Y ahí fue Rama decidido a cambiar su destino. Tal como se había comprometido, lo primero que hizo fue afeitarse. Se concentró en su nuevo yo, ese que venía con un bigote estilo manubrio de bicicleta playera. Con la gorra de la empresa y el mostacho que subrayaba su respingada nariz, parecía un personaje escapado del cancionero de Bruce Springsteen, un perseguidor de sueños de la clase trabajadora. Antes de salir se miró al espejo y se prometió no estropear la oportunidad. Al fin y al cabo, entregar el reparto a las 16:00 le permitiría surfear hasta el último rayo de luz.
A las 7:50 AM de ese lunes que nunca olvidará, se presentó en la empresa donde le entregaron las planillas con el itinerario, el cual arrancaba en Juan B. Justo y Av. De los Trabajadores y se perdía, algunos días muy puntuales, en los confines de Miramar. Ni siquiera tenía que cargar la mercadería, al llegar, el trabajo ya estaba realizado por el personal del depósito, de quien no tardaría en volverse un buen compañero.
La sensación más fuerte de esa mañana fue cuando le entregaron las llaves de una flamante Peugeot Expert toda ploteada de Raspberry Beret Ice Cream. Ese nombre no había surgido de una tormenta de ideas, sino de la cabeza de su fundador, un pujante marplatense que en 1985 enloqueció con Around the World in a Day, disco de Prince que tenía esa canción que hoy identificaba a su empresa y una sólida cadena de franquicias muy bien surtidas y musicalizadas. Si al genio de Minneapolis le había resultado, en Mar del Plata sería un éxito que habría que defender con producto, responsabilidad social y marketing.

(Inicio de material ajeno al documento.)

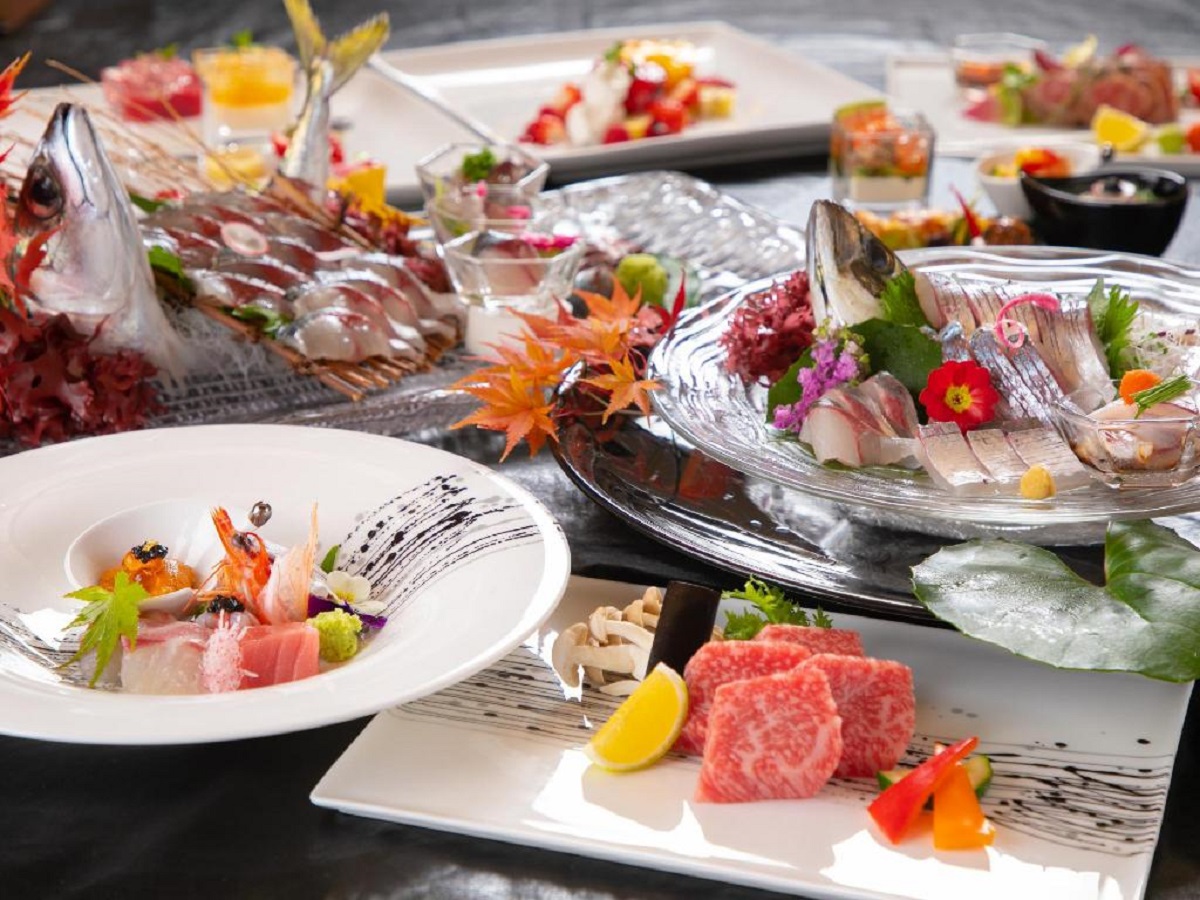 提供される料理は、鹿児島県産の旬の食材を中心に手間暇かけてつくられた逸品ばかり。鹿児島県産黒毛和牛や、霧島高原純粋黒豚、近海で水揚げされた魚などを、完全プライベートな個室ダイニングで、じっくり味わうことができます。

Puso primera y salió. A través de sus viejas Ray Ban, los paisajes de toda su vida cobraban otro significado. Primero porque no tenía que pagar el combustible del aventón. Segundo porque su ánimo iba en alza a medida que sumaba entregas del más puro helado. Tercero porque Mar del Plata nunca es la misma, especialmente para quienes el mar siempre fue el mejor secreto para escapar, sanar, olvidar, recordar, compartir y encontrar todos esos destellos de alivio que uno busca cuando la vida le frunce el ceño.
La rutina no le resultó abrumadora, se había convertido en un centinela de la ruta 11 y manejaba información de primera mano para planificar la surfeada una vez concluidas sus labores. Si el mar no acompañaba, salía a pedalear para terminar siendo parte de todo eso que pasa en la línea de costa.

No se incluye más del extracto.